On 12 October 2020, Portuguese Member of the European Parliament João Ferreira of The Left group in the European Parliament – GUE/NGL posed a written parliamentary question to the European Commission:
“In its answer to question E-004137/2020 on the ‘Unequal, discriminatory treatment of TAP in respect of other airlines’, the Commission claims that ‘TAP qualified as an undertaking in difficulty at the end of 2019 and was, therefore, not eligible for aid under the Temporary Framework’. Yet TAP, like other companies, has suffered – and continues to suffer – specific, concrete, established and calculable losses that can be undeniably traced back to the pandemic and no other cause. Therefore, if TAP does find itself denied access to aid under the temporary framework, this will place the airline at an obvious disadvantage with respect to its competitors. In other words, in imposing this discriminatory treatment, the Commission itself would be unacceptably distorting competition against TAP.
In its answer, the Commission says nothing about whether it has attempted to impose job losses on TAP through its restructuring plan.
I would like to ask the Commission the following:
1. Is it willing to reconsider its decision concerning TAP’s (complete or partial) ineligibility for state aid under the temporary framework, in order to avoid discriminating against the company and distorting competition with respect to other airlines which stand to benefit?
2. Whatever its assessment of the restructuring plan, can it confirm that this does not necessarily need to involve job losses?”
On 20 January 2021, Executive Vice-President Vestager responded on behalf of the European Commission stating: “on 9 June 2020, the Commission approved EUR 1.2 billion rescue aid in favour of TAP SGPS, under the relevant EU State aid rules. The measure provided TAP with the necessary resources to address its immediate liquidity needs, without unduly distorting competition in the Single Market.
The main purpose of the state aid Temporary Framework adopted on 19 March 2020, as amended, is to provide targeted support to otherwise viable companies that have entered into financial difficulty as a result of the coronavirus outbreak.
Therefore, companies that were already in difficulty before 31 December 2019 (except small and micro companies that face specific challenges) are not eligible for aid under the Temporary Framework, but may benefit from aid under existing state aid rules, in particular the Rescue and Restructuring Guidelines.
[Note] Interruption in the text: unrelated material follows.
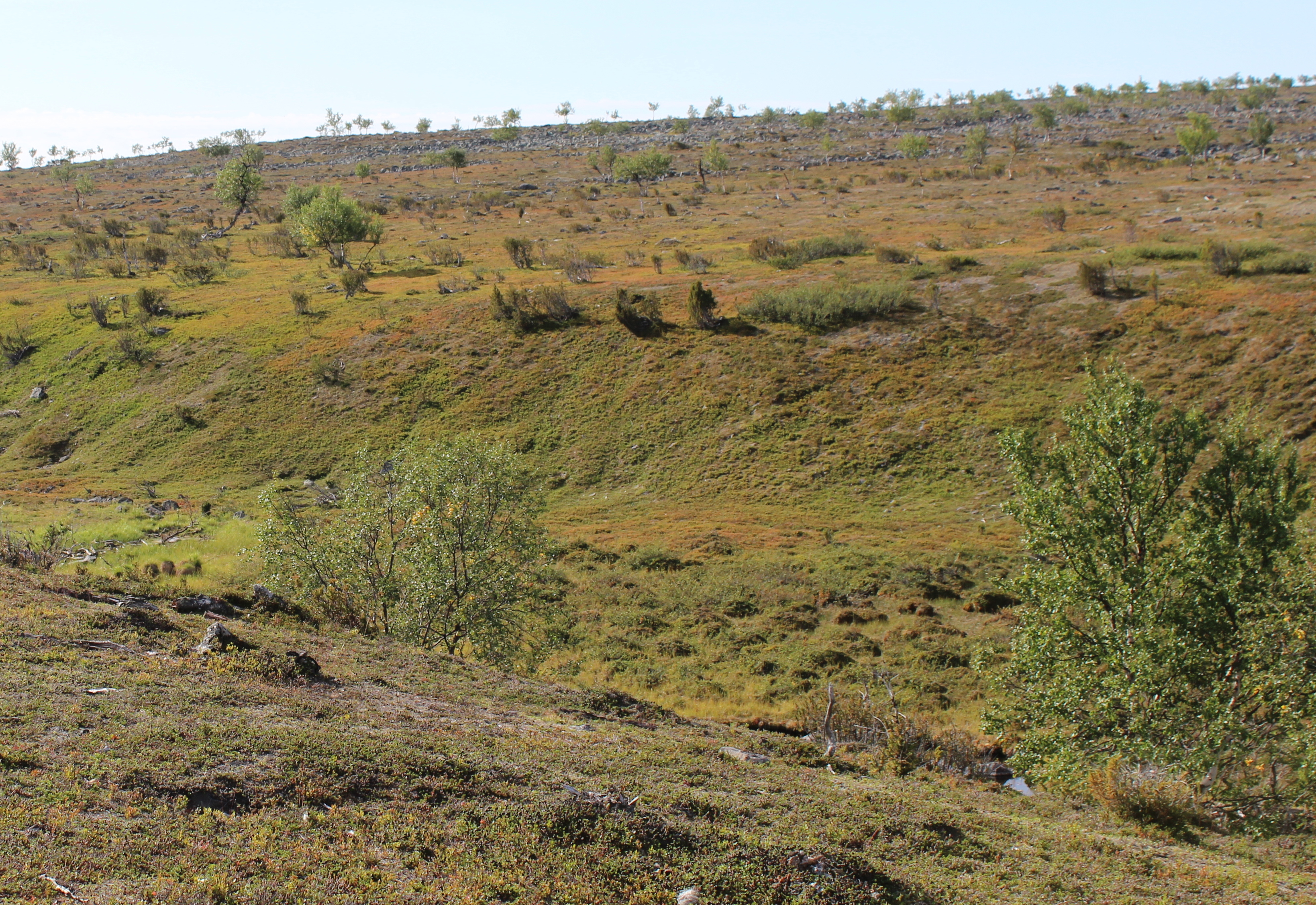 Olin lukenut karttaa vähän huonosti ja saavuin Erttetvarrin viereiselle tunturille enkä Erttetvarrille. Näin jo vanhan poroerotusaidan. Välissämme oli kuitenkin suo, jonka kierrettyä jouduin kävelemään pari ylimääräistä kilometriä.

These Guidelines set clear conditions according to which such companies must define sound restructuring plans that will allow them to achieve long-term viability.
It is for the Member State to draw up and notify to the Commission a restructuring plan putting the beneficiary back to sound financial and operational conditions, supported also with a fair contribution of the beneficiary or investors to covering the restructuring costs, the nature of which vary from one case to another.
Similarly, it is for the Member State to determine the conditions and actions necessary to restore the long-term viability of the beneficiary and stand in the marketplace without the need for continued State support. The role of the Commission is limited to assessing that the plan meets the conditions set out in the applicable state aid rules.”